Dalmasson: «L’Alma a Pesaro ha perso nel mondo peggiore» Casoli: «Ma Trieste ha qualità»

TRIESTE
«C’è modo e modo di perdere e noi a Pesaro abbiamo scelto il peggiore». Nel dopogara dell’Adriatic Arena Eugenio Dalmasson dalla rabbia era più rosso della tuta che indossava in sala stampa. Quella che poteva essere l’occasione per infilare la seconda vittoria consecutiva e rompere il ghiaccio in trasferta è stata sprecata come quei 18 palloni buttati. Un meno 26 che per l’Alma rappresenta la prova peggiore dai tempi della debacle con Tortona in Coppa Italia.
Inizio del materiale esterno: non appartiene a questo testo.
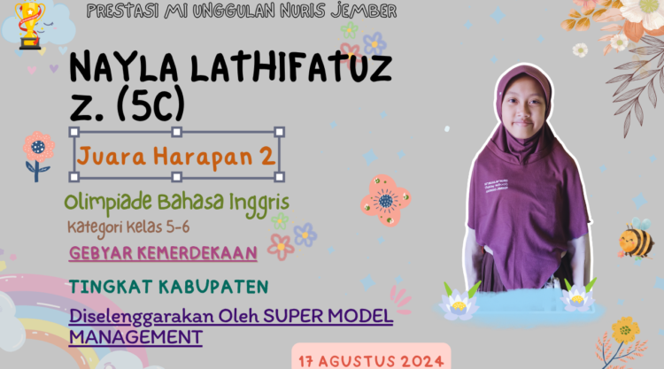 Nayla, sapaan akrabnya, berhasil menorehkan prestasi membanggakan dengan meraih Juara Harapan 2 dalam Olimpiade Bahasa Inggris untuk kategori kelas 5-6. Prestasi ini ia raih dalam event “Gebyar Kemerdekaan” tingkat Kabupaten yang diselenggarakan oleh Super Model Management pada 17 Agustus 2024 lalu.

Le assenze di Jamarr Sanders e Devondrick Walker (più quella dell’ex Casale visto che l’ala in campionato finora aveva fatto poco o nulla) e lo scarso apporto di Silins sono solamente parziali attenuanti. Quello che ha impressionato nella rassegnata Alma visto a Pesaro è stato l’atteggiamento. Un approccio insoddisfacente che, oltre che negli sguardi dei giocatori durante l’incontro, Dalmasson ha individuato in alcuni segnali. «Eravamo consapevoli che la VL è la squadra che più di tutte segna nei primi otto secondi di possesso e noi non siamo stati in grado di arginarla - ha proseguito il tecnico biancorosso - Abbiamo speso il secondo fallo a trenta secondi dalla fine del primo quarto, un sintomo di una difesa poco aggressiva. Al primo vero break dei marchigiani ci siamo arresi. Non abbiamo trovato la capacità di reazione».
E proprio questa ultima considerazione è la più pesante. L’impressione è che nella personale pagella del coach non ci sia la sufficienza per nessuno, visto che anche chi ha cercato con iniziative individuali di dare la scossa (Fernandez, ad esempio) alla fine caricava a testa bassa uno contro tutti tra le forzature. «Troppi tiri mal costruiti, brutto atteggiamento».
Di sicuro ben poco ha funzionato nell’Alma. Ha incassato 103 punti da una formazione che non è di prima fascia, non ha avuto l’apporto di cui ha bisogno da alcuni uomini chiave a cominciare da Peric (3 su 9 da due, sei perse, brutta difesa). Ma non ha saputo nemmeno sfruttare chi mostrava qualche sprazzo, come Knox che in 18 minuti sul parquet oltre ai 12 punti e al 19 di valutazione (top) ha costretto gli avversari a spendere sei falli. Il lungo ex Orlandina sembra ancora alla ricerca di un’identità nello scacchiere biancorosso, usato prevalentemente da cambio di Mosley.
Siccome piove sempre sul bagnato, Fernandez caduto pesantemente sul parquet nel finale è stato tenuto ieri a riposo precauzionale. Nessun problema invece per Wright visto zoppicante al termine del match: si trattava solo di crampi.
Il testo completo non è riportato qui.